Because of these developments it has become increasingly vital under contemporary capitalism for the typical board of directors to be able to plan ahead over a number of years with some degree of certainty and confidence. And thus planning has become very respectable with big business:

It is indeed characteristic of modern capitalist planning that the impulse to embark on the seemingly speculative enterprise of long-range prediction comes from the industries which find that they are compelled, because of the nature of the technology that they employ, to commit large indivisible blocks of capital to projects that will only pay for themselves after the lapse of several years.

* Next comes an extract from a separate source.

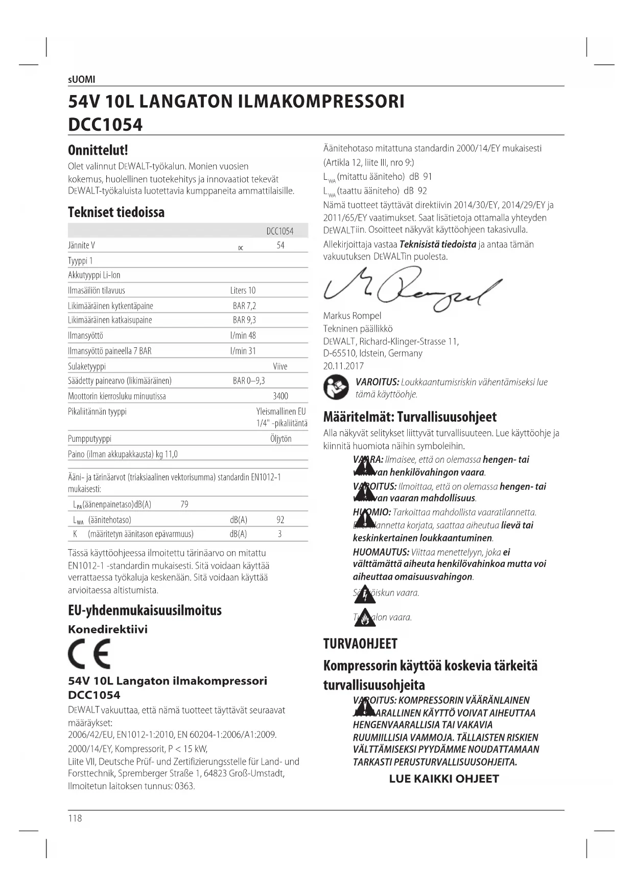 (äänitehotaso) dB(A) 92 K (määritetyn äänitason epävarmuus) dB(A) 3 Tässä käyttöohjeessa ilmoitettu tärinäarvo on mitattu EN1012‑1 ‑standardin mukaisesti. Sitä voidaan käyttää verrattaessa työkaluja keskenään. Sitä voidaan käyttää arvioitaessaaltistumista. EU‑yhdenmukaisuusilmoitus Konedirektiivi 54V 10L Langaton ilmakompressori DCC1054 DeWALT vakuuttaa, että nämä tuotteet täyttävät seuraavat määräykset: 2006/42/EU, EN1012‑1:2010, EN 60204‑1:2006/A1:2009. 2000/14/EY, Kompressorit, P < 15 kW, Liite VII, Deutsche Prüf‑ und Zertifizierungsstelle für Land‑ und Forsttechnik, Spremberger Straße 1, 64823 Groß‑Umstadt, Ilmoitetun laitoksen tunnus:0363. Suomi (käännetty alkuperäisestä käyttöohjeesta)

Systematic economic analysis, preferably in collaboration with other industries similarly placed, whose decisions will also influence the outcome, is then the obvious way of reducing the risk. In Britain it was the steel industry which took the initiative in this field. The Iron and Steel Board, the public agency which had been set up in the early 1950s to supervise this industry, found that its attempts to guide the direction of steel investment, and to check whether its volume was adequate, required a close examination of trends over the economy as a whole. The third five-year development programme issued in 1961 was in some ways a pilot project for the full-scale planning operation on which the British government embarked with the establishment of the National Economic Development Council in 1962. [1]

As an illustration of the tendency towards the very long period before investments start to pay their way, the following recent example will suffice. In July 1965 the British Motor Corporation (BMC) took over the giant Pressed Steel Company for £33½ million. At the end of December 1965, partly to avoid being investigated by the Monopolies Commission, BMC sold the Pressed Steel factory at Linwood, near Glasgow, to the Chrysler-Rootes group. For this lone factory Rootes paid £14½ million. What matter here are the terms for payment – Rootes paid £3.6 million down, with a promise to pay another £2 million by the end of 1971. The Board of Trade is staking the other £8 million to £9 million (at an undisclosed but no doubt very favourable mortgage rate). [2]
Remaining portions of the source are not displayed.